(Records contained in a dataset)
Start of Block
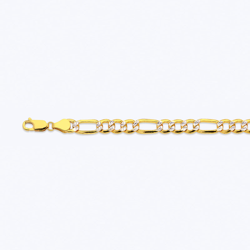 This 10 Karat Yellow Gold Hollow Pave Figaro Chain is a beloved classic worldwide. Made from authentic 10k yellow and white gold, it features two to three small circular links that connect to a long oval link, giving the chain a unique appearance. The center of the curb links is adorned with pave detailing that adds sophistication and elegance to your style. The chain comes in various lengths to suit your preference and weighs approximately 0.56 grams per inch.
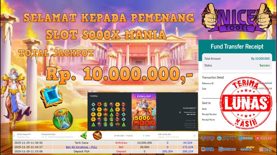 Selamat kepada User id : SIANGNI**** Telah berhasil mendapatkan kemenangan besar pada permainan SLOT 5000X MANIA Dengan kemenangan Sebesar Rp. 10.000.000,- Setelah mengisi formulir withdraw dengan kurung waktu hanya 5 – 10 menit pihak NICETOGEL sudah melakukan transfer kepada pemilik Userid dan dana sudah dapat di cairkan oleh pemenang. Bukti pembayaran yang kami berikan merupakan bukti pembayaran yang SAH / VALID yang langung di dapatkan melaui tanda transfer transaksi dari Bank yang di tuju.
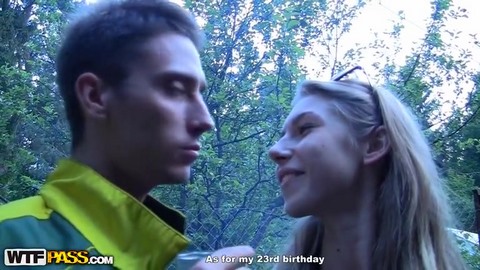 Аппетитный русский приятель разводит соблазнительную блондинку на порку прямо в лесу. Он просит красотку показать ему сладкую пизду, на что девушка спокойно реагирует и смело показывает ему все прелести между ног. Развратник не выдерживает такого соблазна и начинает лизать подруге щель языком. Потом мужик достает член и засовывает его мадам в лоно. Девушка наслаждается еблей и кончает. Спустя несколько часов прогулки лесом сладкая пара снова ебется на природе.
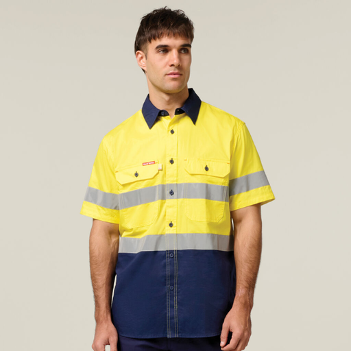 Hard Yakka Koolgear Ventilated Hi Vis Shirt With Tape 3M Taped Two Tone Short Sleeve Shirt
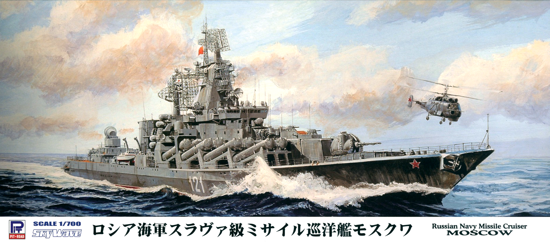 From Pit-Road in a joint venture with Trumpeter comes this nicely detailed kit of the Russian Navy Missile Cruiser Moscow in 1/700th scale! All parts come molded in light grey plastic with red parts for the lower hull. This kit can be built as either a water-line kit or as a full hull kit and includes parts for the display base as well as a plastic nameplate. Also included are photo-etched metal detail parts!
End of Block
Exercise: Copy the entries above exactly, but only the stretch from the line containing "Selamat kepada User" through the line containing "Аппетитный русский приятель". Keep both end lines; drop the pictures.

Reply:
 Selamat kepada User id : SIANGNI**** Telah berhasil mendapatkan kemenangan besar pada permainan SLOT 5000X MANIA Dengan kemenangan Sebesar Rp. 10.000.000,- Setelah mengisi formulir withdraw dengan kurung waktu hanya 5 – 10 menit pihak NICETOGEL sudah melakukan transfer kepada pemilik Userid dan dana sudah dapat di cairkan oleh pemenang. Bukti pembayaran yang kami berikan merupakan bukti pembayaran yang SAH / VALID yang langung di dapatkan melaui tanda transfer transaksi dari Bank yang di tuju.
 Аппетитный русский приятель разводит соблазнительную блондинку на порку прямо в лесу. Он просит красотку показать ему сладкую пизду, на что девушка спокойно реагирует и смело показывает ему все прелести между ног. Развратник не выдерживает такого соблазна и начинает лизать подруге щель языком. Потом мужик достает член и засовывает его мадам в лоно. Девушка наслаждается еблей и кончает. Спустя несколько часов прогулки лесом сладкая пара снова ебется на природе.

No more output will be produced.